■ Information supplied:
========================
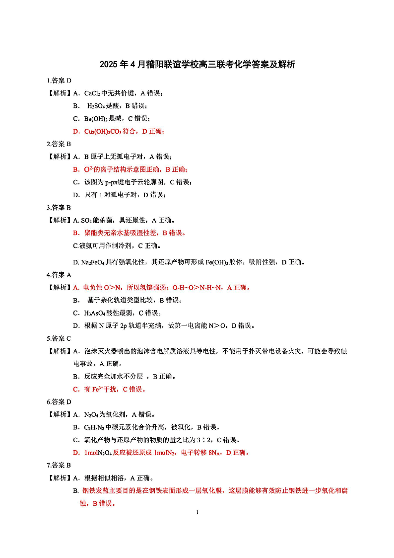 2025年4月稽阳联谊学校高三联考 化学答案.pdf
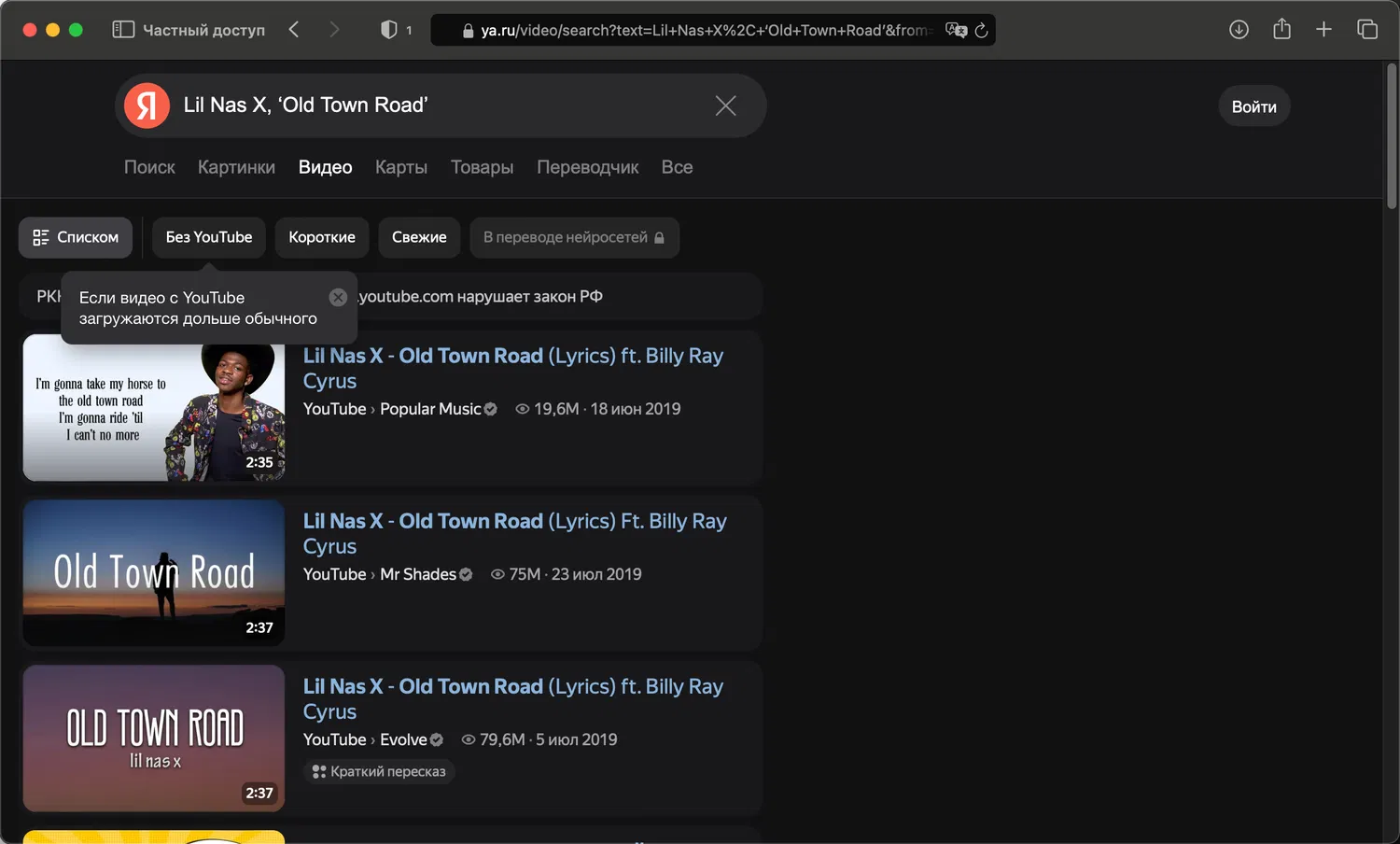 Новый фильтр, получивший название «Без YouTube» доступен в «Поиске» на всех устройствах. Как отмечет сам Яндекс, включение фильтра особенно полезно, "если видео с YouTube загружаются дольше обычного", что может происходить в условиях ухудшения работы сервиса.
========================
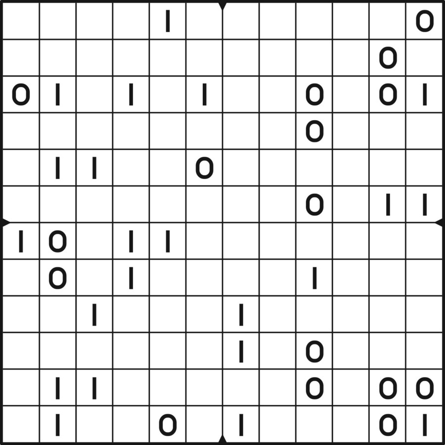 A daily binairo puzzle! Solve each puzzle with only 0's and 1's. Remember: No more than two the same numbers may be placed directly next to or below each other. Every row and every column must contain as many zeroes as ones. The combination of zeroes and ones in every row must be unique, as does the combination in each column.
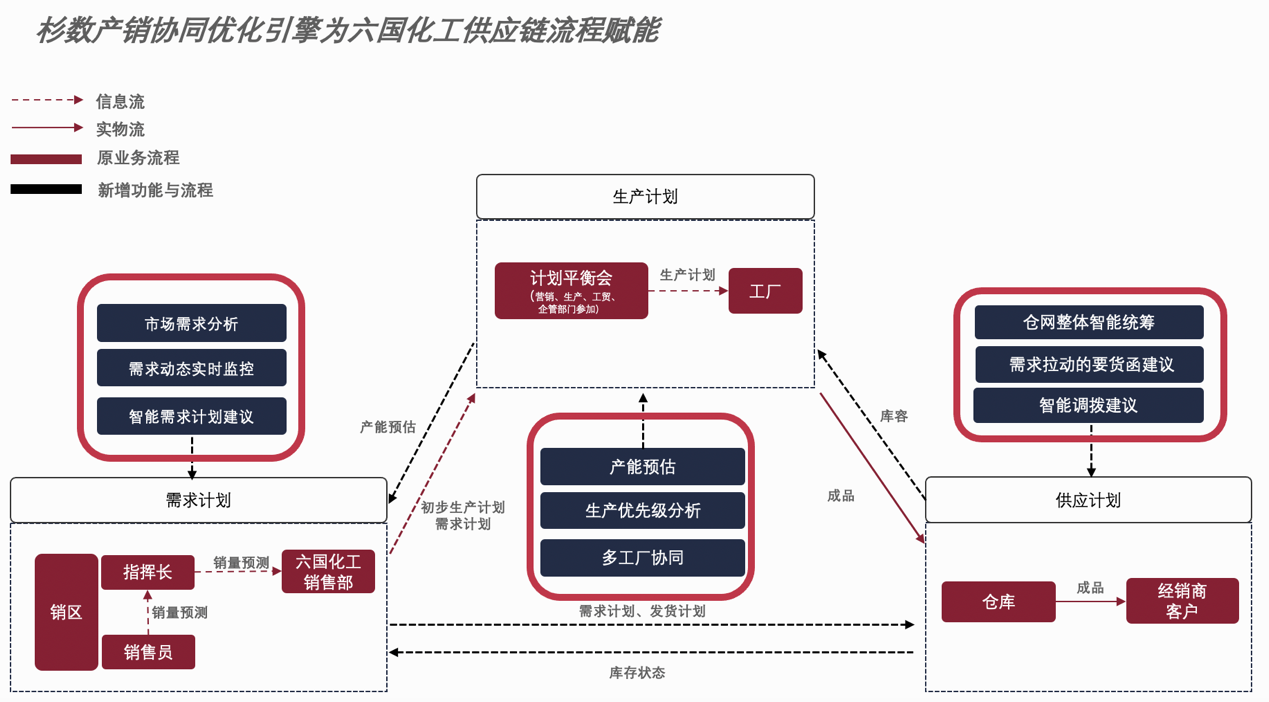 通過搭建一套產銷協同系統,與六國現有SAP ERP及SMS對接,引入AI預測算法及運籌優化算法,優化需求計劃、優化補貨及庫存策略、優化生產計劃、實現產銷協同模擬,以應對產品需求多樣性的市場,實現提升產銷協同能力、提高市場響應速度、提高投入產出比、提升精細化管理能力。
========================
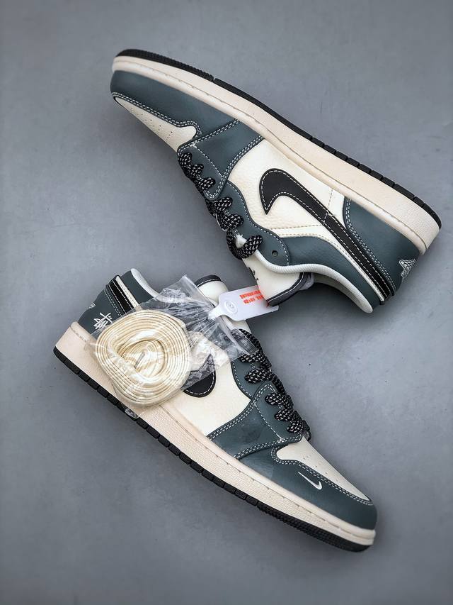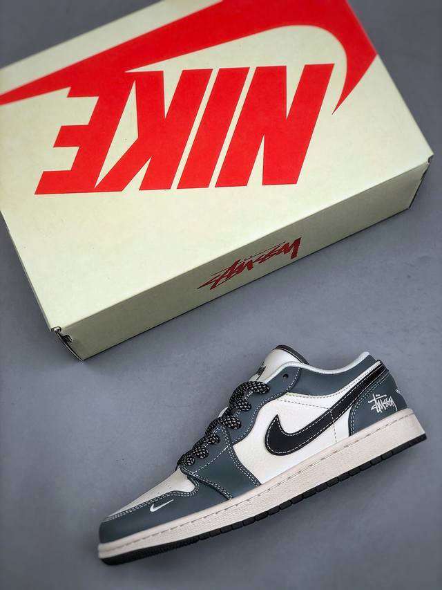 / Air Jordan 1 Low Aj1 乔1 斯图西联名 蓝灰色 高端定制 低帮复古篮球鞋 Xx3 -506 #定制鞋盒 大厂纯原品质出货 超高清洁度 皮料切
========================
■ Directions: Take the lines above starting at the one containing "2025年4月稽阳联谊学校高三联考 化学答案.pdf" and ending at the one containing "Новый фильтр, получивший", and print them again exactly, without pictures.

■ Problem solution:
 2025年4月稽阳联谊学校高三联考 化学答案.pdf
 Новый фильтр, получивший название «Без YouTube» доступен в «Поиске» на всех устройствах. Как отмечет сам Яндекс, включение фильтра особенно полезно, "если видео с YouTube загружаются дольше обычного", что может происходить в условиях ухудшения работы сервиса.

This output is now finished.